= Beginning of Section =

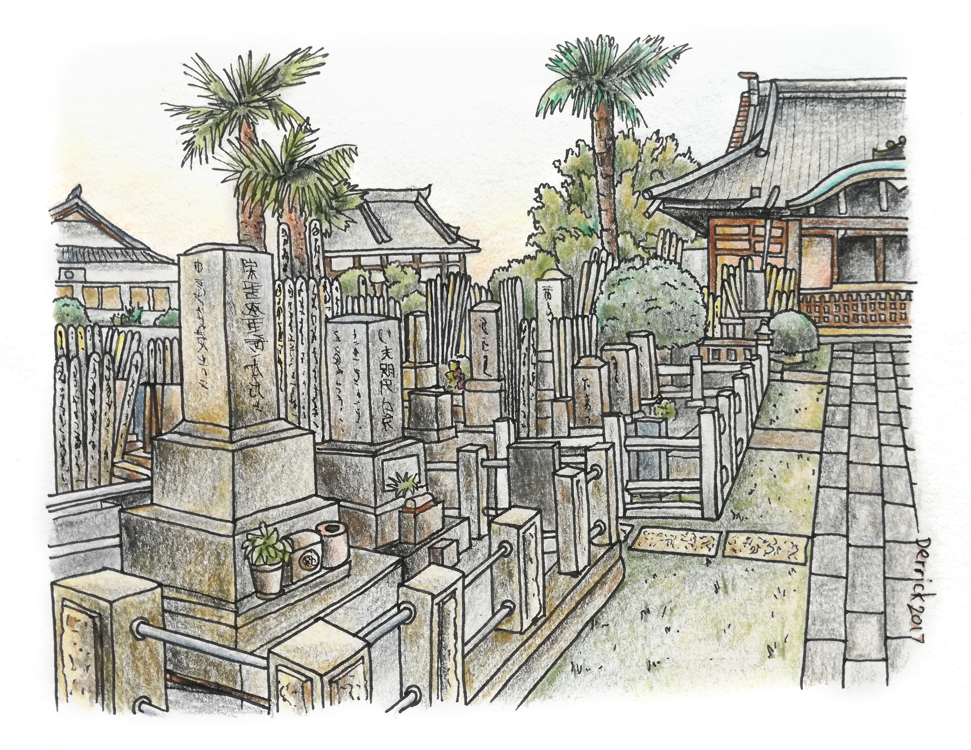Near Ueno Park, I discovered these Japanese cemeteries in an old part of Tokyo. There were a lot of them all in a row, and each had tombstones alongside tall wooden paddles called Itatoba. This was a very humbling and serene place to visit.
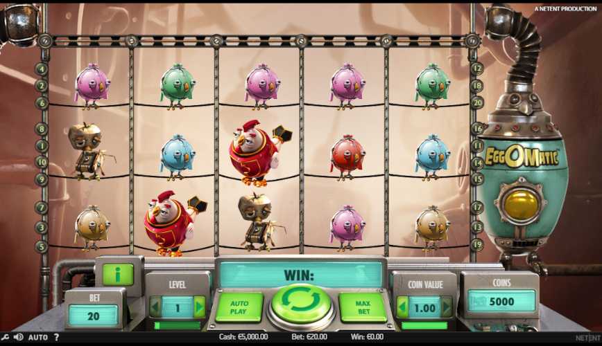 The opening video for EggOMatic explains the game's plot: because the egg factory's productivity is low, the lead rooster creates the EggOMatic to produce more eggs. The reels are incorporated within the machine rather than being in a typical reel configuration, and the images are further enhanced by the strong retro atmosphere. Different types of robotic chickens with higher-value designs serve as symbols. The artwork is excellent overall, particularly the symbols. They are quite well-drawn and detailed, so if you appreciate visually beautiful games, you'll probably really like this one! This slot machine and conveyor belt create mechanical manufacturing noises when moving, and a humorous melody that you can hear is playing in the background. Every time the Wild rooster successfully captures an egg, he crows and clucks joyfully, and a flurry of money falls to celebrate the victory.
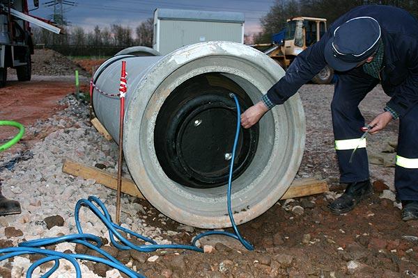 Die Anwendung von Kanaldichtkissen, mit denen die Ausbreitung von gefährlichen Flüssigkeiten in die Kanalisation verhindert werden können, wurde an einem Betonrohr gezeigt. Die Kissen werden nach dem Einsetzen mit Pressluft gefüllt und verschließen dabei Öffnungen bis zum einem Durchmesser von 120 Zentimetern.
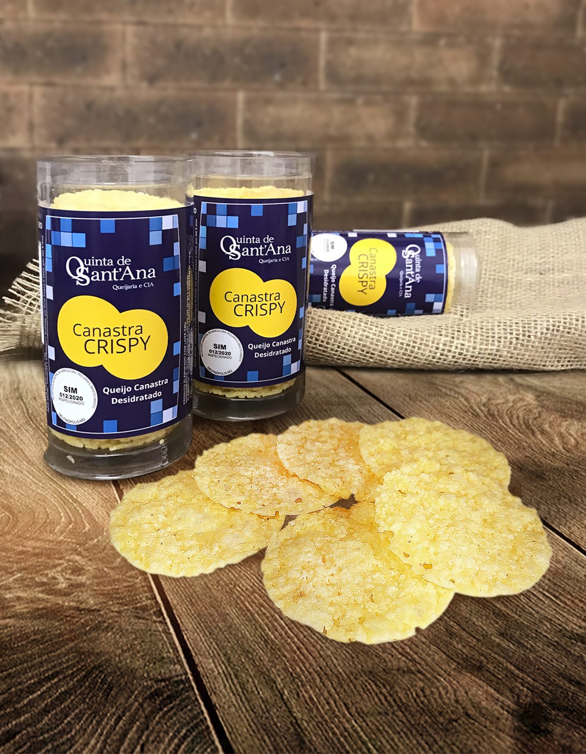 O Canastra Crispy Quinta de Sant’Ana é um salgadinho feito a partir da desidratação do Queijo Canastra meia cura.
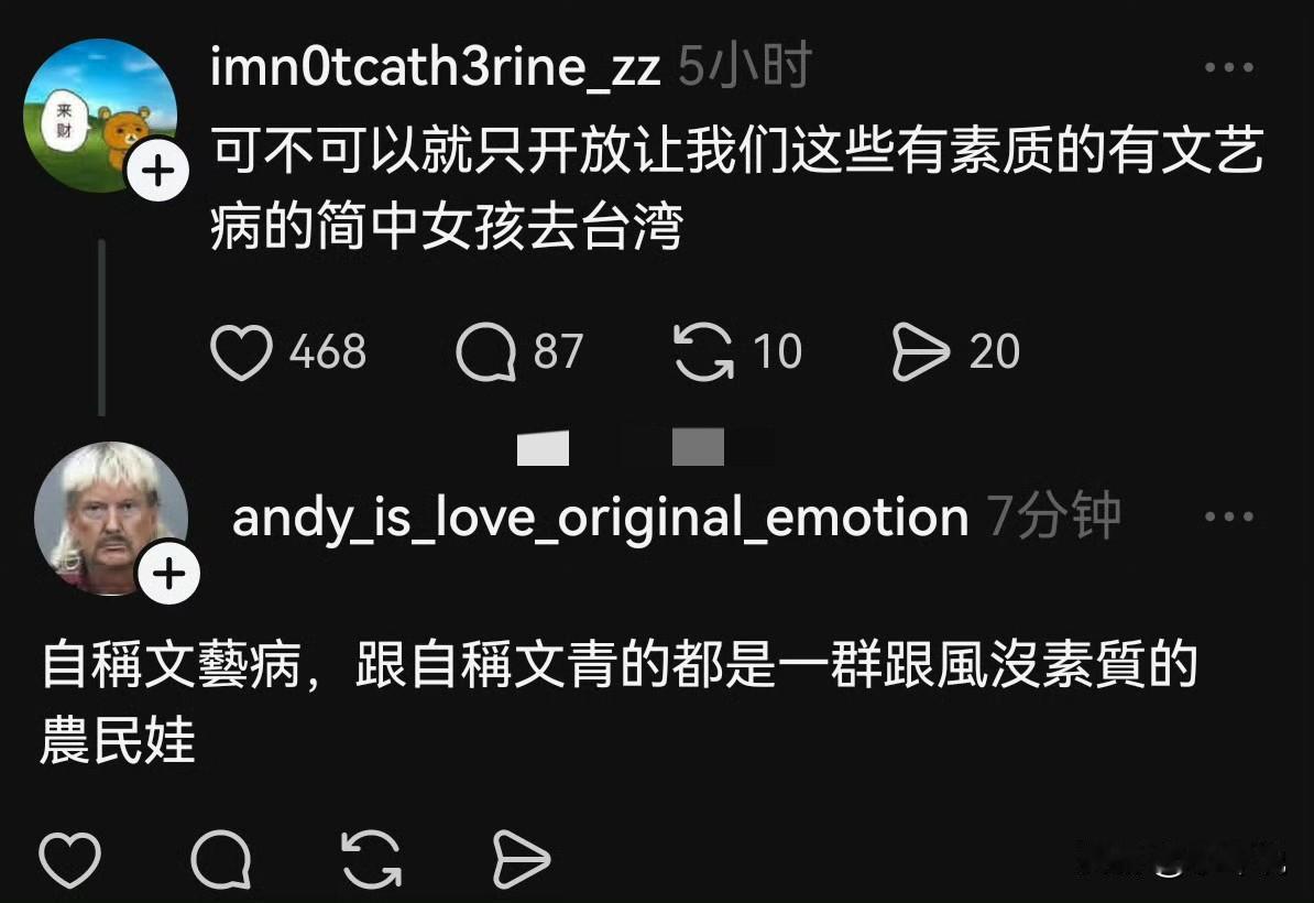国内的一个女孩在外网发帖,“希望只让她们这些有素质的文艺女孩去台湾” !结果被台

= End of Section =

### [GOAL OF THE EXERCISE]
Everything in the records must be returned exactly, except the pictures.

### [REPLY]
Near Ueno Park, I discovered these Japanese cemeteries in an old part of Tokyo. There were a lot of them all in a row, and each had tombstones alongside tall wooden paddles called Itatoba. This was a very humbling and serene place to visit.
 The opening video for EggOMatic explains the game's plot: because the egg factory's productivity is low, the lead rooster creates the EggOMatic to produce more eggs. The reels are incorporated within the machine rather than being in a typical reel configuration, and the images are further enhanced by the strong retro atmosphere. Different types of robotic chickens with higher-value designs serve as symbols. The artwork is excellent overall, particularly the symbols. They are quite well-drawn and detailed, so if you appreciate visually beautiful games, you'll probably really like this one! This slot machine and conveyor belt create mechanical manufacturing noises when moving, and a humorous melody that you can hear is playing in the background. Every time the Wild rooster successfully captures an egg, he crows and clucks joyfully, and a flurry of money falls to celebrate the victory.
 Die Anwendung von Kanaldichtkissen, mit denen die Ausbreitung von gefährlichen Flüssigkeiten in die Kanalisation verhindert werden können, wurde an einem Betonrohr gezeigt. Die Kissen werden nach dem Einsetzen mit Pressluft gefüllt und verschließen dabei Öffnungen bis zum einem Durchmesser von 120 Zentimetern.
 O Canastra Crispy Quinta de Sant’Ana é um salgadinho feito a partir da desidratação do Queijo Canastra meia cura.
国内的一个女孩在外网发帖,“希望只让她们这些有素质的文艺女孩去台湾” !结果被台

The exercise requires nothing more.